Controller, Controller Responsible for Processing
We consider any operation or set of operations performed on any personal data to be processing, whether through automated means or otherwise. Such operations include collection, recording, organization, structuring, storage, adaptation or alteration, retrieval, consultation, use, disclosure by transmission, alignment or combination, restriction, erasure or destruction, and disseminating or otherwise making personal data available.
Processing personal data in a way that prevents that data from being attributed to a specific user without additional information is considered pseudonymization.

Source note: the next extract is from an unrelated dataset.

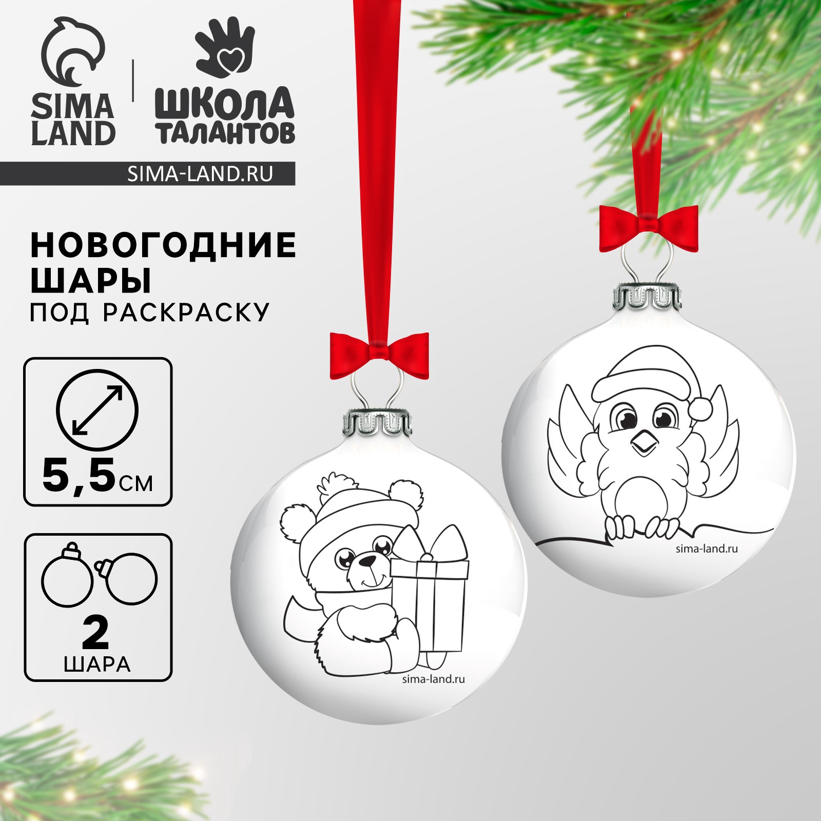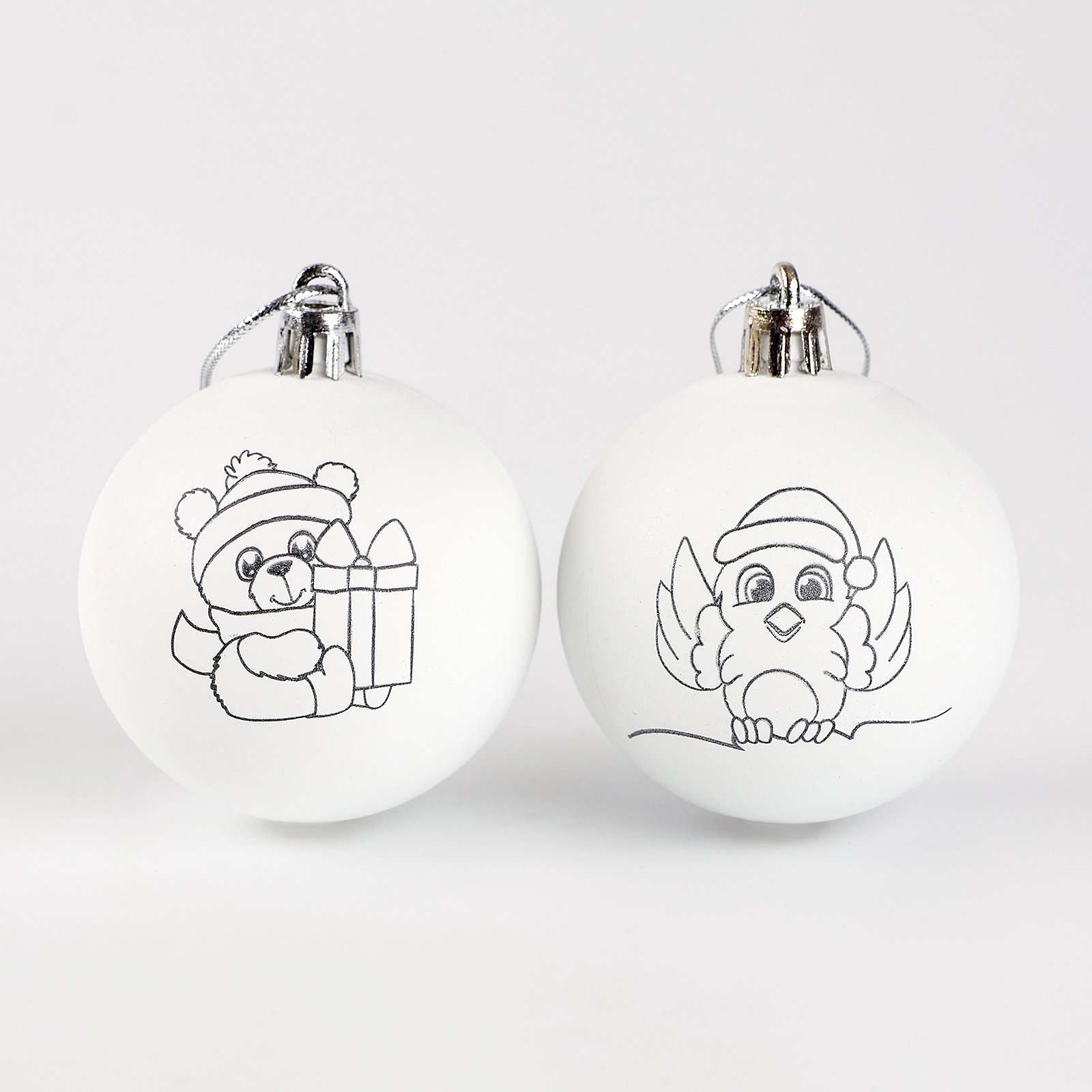 Ёлочные шары под раскраску на новый год «мишка и снегирь», 2 шт, D=5.5 см, набор для творчества

This process ensures that information required to identify a natural person using pseudonymized data is kept separately, and is subject to both administrative and technical measures to ensure that the personal data is not attributed to an identified or identifiable natural person.
As defined by the General Data Protection Regulation, the processor is a natural or legal person, public authority, agency or other body that processes data on behalf of the controller.
The recipient is any natural or legal person, public authority, agency or other body to which personal data is disclosed, whether a third party or otherwise. Public authorities, however, which may receive personal data in the framework of a particular inquiry (in accordance with the other applicable laws, rules, and regulations), are not considered recipients. Processing of personal data by those public authorities must be in compliance with the applicable data protection rules according to the purposes of such processing..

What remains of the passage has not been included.